1 is an air-cooled cooling probe, 2 is an exhaust gas duct, 3 is a sampling probe, 3a is a straight pipe portion of the sampling probe, 4 is an air-cooled probe main body, 4a is a cooling passage, 4b
Is an inner cylinder, 4c is a cooling jacket, 4d is an outer cylinder, 4f is a communication port, 4g is a cooling air outlet, 5 is a suction hose, 6 is a cooling suction pump, 12 is a heat-resistant sealing material, and A is cooling. Air and G are exhaust gases.

Claims (2)

[Claims] 1. A sampling probe inserted into an exhaust gas duct and sampling a part of the exhaust gas in the exhaust gas duct, and a sampling probe inserted into the exhaust gas duct and fitted over a straight pipe portion of the sampling probe to cool the sampling probe by cooling air. An air-cooled cooling probe for exhaust gas sampling comprising an air-cooled probe body to be cooled, wherein the air-cooled probe body covers a straight pipe portion of the sampling probe, and has a cooling passage through which cooling air flows between the straight pipe portion. An inner cylinder to be formed, an outer cylinder disposed around the inner cylinder to form a cooling jacket between the inner cylinder, and a communication port formed in the inner cylinder to communicate the cooling passage and the cooling jacket,
A cooling air outlet communicating with the cooling jacket, wherein the cooling air is discharged from the cooling air outlet through the cooling passage, the communication port and the cooling jacket sequentially.
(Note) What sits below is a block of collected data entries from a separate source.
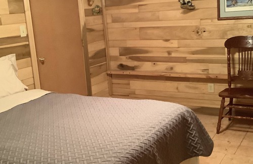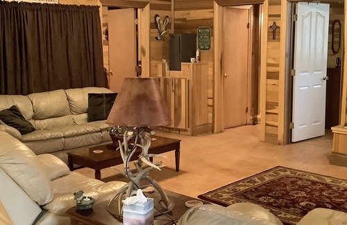 This home is the entire lower level of a large ranch style home with its own exclusive entrance. There are two bedrooms with a queen and full bed. There is one bath with a shower. There is a lot of comfortable overstuffed furniture In the huge great room. The kitchen is modern and nearly new including a full size fridge , dishwasher, microwave full size stove and oven and a double sink. Kitchen is fully stocked with dishes, pots and pans, food processor toaster, tea pitcher etc. there is no carpet which makes it great for those traveling with pets and perhaps those with allergies. We are adding items to assist with those traveling babies and toddlers knowing you have enough to pack when traveling with the Littles. We feature a very large gazebo with a ton of different styles of sedation overlooking a huge maintainability Ed yard, our property is situated on 600 acres so there is lots of opportunity to get out and explore, play out door games in fresh air and exercise your pets .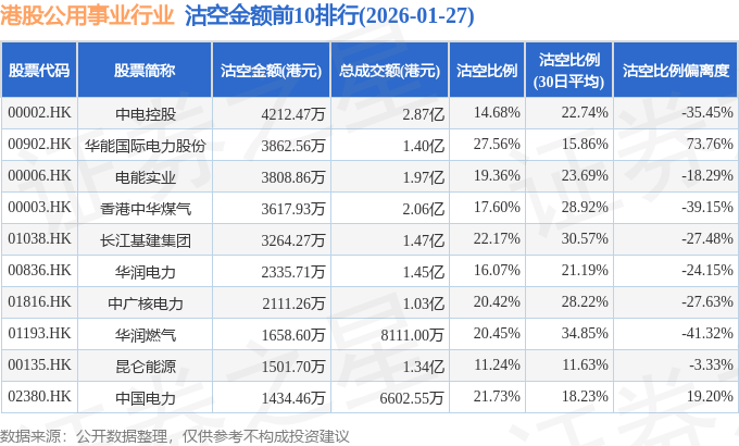 从沽空金额来看,中电控股、华能国际电力股份、电能实业沽空金额位居行业前三,分别为4212.47万港元、3862.56万港元、3808.86万港元。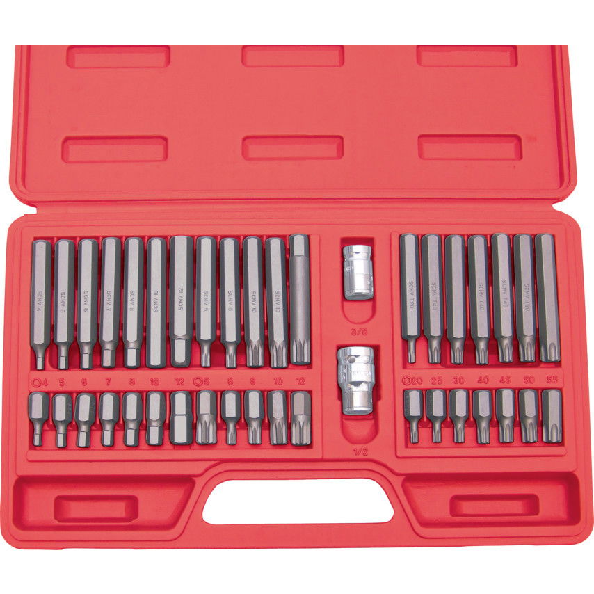 - 75 mm x 10 mm hatszög hegyek: Hatszög: 4, 5, 6, 7, 8, 10 és 12 mm. TX: Tx20, Tx25, Tx30, Tx40, Tx45, Tx50 és Tx55. XZN: 5, 6, 8, 10 és 12 mm.

Features air-cooled cooling probe for exhaust gas sampling. 2. A communication port is formed at a distal end side of an inner cylinder located in an exhaust gas duct, and a cooling air outlet is formed at a base end side of an outer cylinder located outside the exhaust gas duct. One end of the cooling passage is opened to the atmosphere, the other end of the cooling passage is closed with a heat-resistant sealing material, and the cooling passage is connected to the cooling air outlet by a cooling suction pump connected via a suction hose. The air-cooled cooling probe for exhaust gas sampling according to claim 1, wherein the air is sucked into the cooling passage from one end of the cooling air as cooling air.